→ **Work order**: Set down each entry as it stands. Skip the pictures.

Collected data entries
::::::
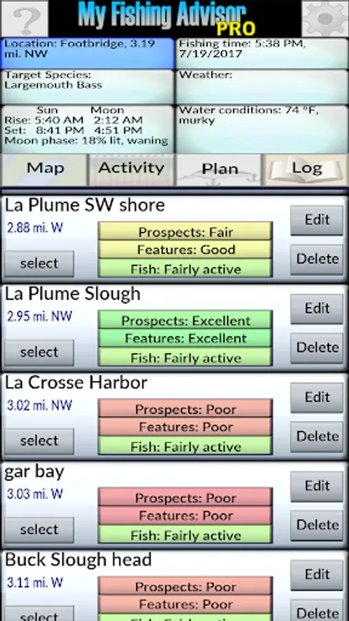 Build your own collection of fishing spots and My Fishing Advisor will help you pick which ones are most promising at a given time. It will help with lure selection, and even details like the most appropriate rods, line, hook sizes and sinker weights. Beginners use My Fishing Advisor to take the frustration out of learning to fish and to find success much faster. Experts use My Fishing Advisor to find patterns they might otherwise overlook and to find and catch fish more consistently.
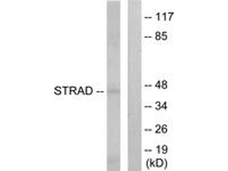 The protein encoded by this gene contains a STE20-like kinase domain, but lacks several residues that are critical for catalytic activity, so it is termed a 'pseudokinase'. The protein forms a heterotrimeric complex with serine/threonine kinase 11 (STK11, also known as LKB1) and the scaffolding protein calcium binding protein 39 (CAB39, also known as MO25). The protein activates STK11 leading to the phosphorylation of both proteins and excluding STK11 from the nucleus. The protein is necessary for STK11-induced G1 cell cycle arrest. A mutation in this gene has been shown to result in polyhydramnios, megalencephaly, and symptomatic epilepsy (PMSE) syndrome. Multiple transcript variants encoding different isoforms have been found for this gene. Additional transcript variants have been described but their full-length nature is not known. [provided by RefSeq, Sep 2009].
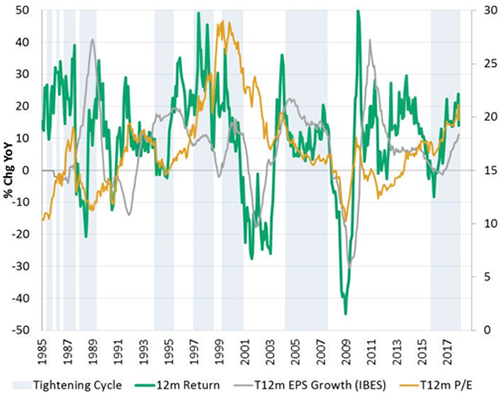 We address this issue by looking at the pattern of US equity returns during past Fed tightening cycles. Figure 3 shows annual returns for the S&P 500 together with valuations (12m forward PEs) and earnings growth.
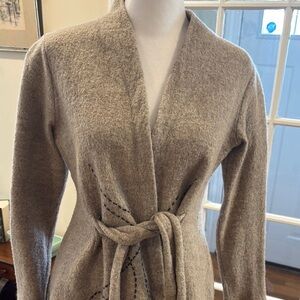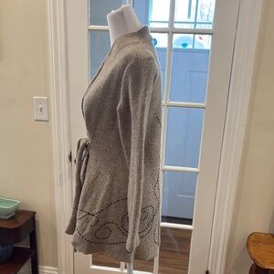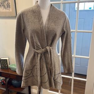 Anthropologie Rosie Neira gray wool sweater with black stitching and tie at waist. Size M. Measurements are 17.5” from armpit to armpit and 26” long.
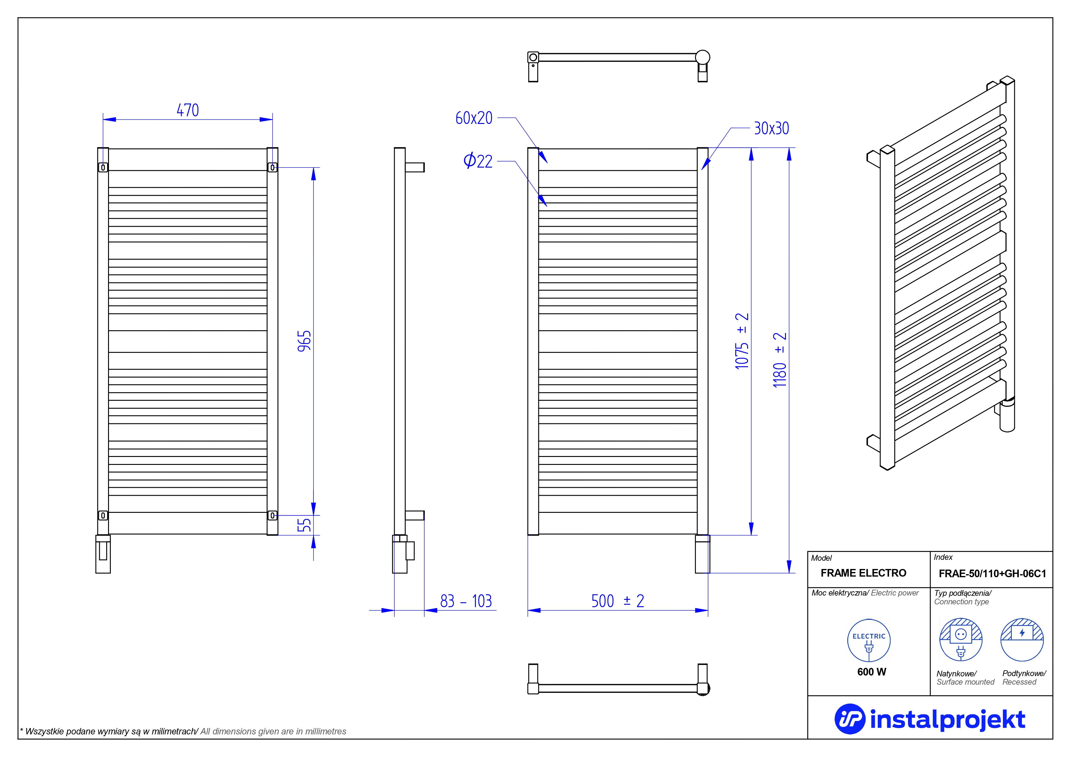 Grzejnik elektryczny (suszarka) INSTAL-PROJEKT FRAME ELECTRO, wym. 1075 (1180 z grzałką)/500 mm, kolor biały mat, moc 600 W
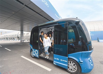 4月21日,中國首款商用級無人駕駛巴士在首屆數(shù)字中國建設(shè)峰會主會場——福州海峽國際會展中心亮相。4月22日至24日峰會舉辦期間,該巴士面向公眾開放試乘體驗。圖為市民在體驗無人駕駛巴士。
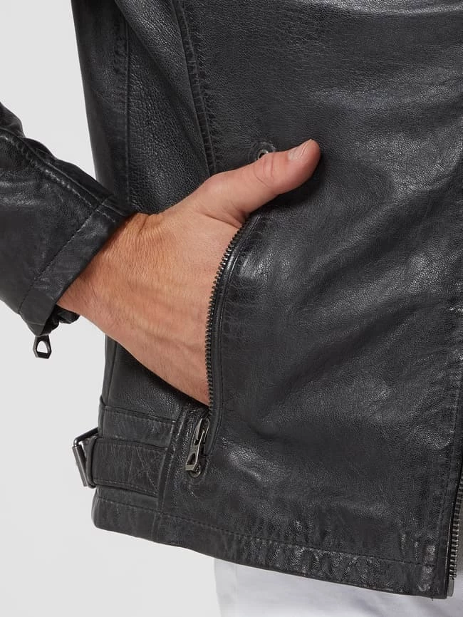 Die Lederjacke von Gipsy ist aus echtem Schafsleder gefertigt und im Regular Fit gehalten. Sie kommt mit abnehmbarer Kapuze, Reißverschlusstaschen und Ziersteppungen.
::::::
→ **Answer space**:
 Build your own collection of fishing spots and My Fishing Advisor will help you pick which ones are most promising at a given time. It will help with lure selection, and even details like the most appropriate rods, line, hook sizes and sinker weights. Beginners use My Fishing Advisor to take the frustration out of learning to fish and to find success much faster. Experts use My Fishing Advisor to find patterns they might otherwise overlook and to find and catch fish more consistently.
 The protein encoded by this gene contains a STE20-like kinase domain, but lacks several residues that are critical for catalytic activity, so it is termed a 'pseudokinase'. The protein forms a heterotrimeric complex with serine/threonine kinase 11 (STK11, also known as LKB1) and the scaffolding protein calcium binding protein 39 (CAB39, also known as MO25). The protein activates STK11 leading to the phosphorylation of both proteins and excluding STK11 from the nucleus. The protein is necessary for STK11-induced G1 cell cycle arrest. A mutation in this gene has been shown to result in polyhydramnios, megalencephaly, and symptomatic epilepsy (PMSE) syndrome. Multiple transcript variants encoding different isoforms have been found for this gene. Additional transcript variants have been described but their full-length nature is not known. [provided by RefSeq, Sep 2009].
 We address this issue by looking at the pattern of US equity returns during past Fed tightening cycles. Figure 3 shows annual returns for the S&P 500 together with valuations (12m forward PEs) and earnings growth.
 Anthropologie Rosie Neira gray wool sweater with black stitching and tie at waist. Size M. Measurements are 17.5” from armpit to armpit and 26” long.
 Grzejnik elektryczny (suszarka) INSTAL-PROJEKT FRAME ELECTRO, wym. 1075 (1180 z grzałką)/500 mm, kolor biały mat, moc 600 W
 4月21日,中國首款商用級無人駕駛巴士在首屆數(shù)字中國建設(shè)峰會主會場——福州海峽國際會展中心亮相。4月22日至24日峰會舉辦期間,該巴士面向公眾開放試乘體驗。圖為市民在體驗無人駕駛巴士。
 Die Lederjacke von Gipsy ist aus echtem Schafsleder gefertigt und im Regular Fit gehalten. Sie kommt mit abnehmbarer Kapuze, Reißverschlusstaschen und Ziersteppungen.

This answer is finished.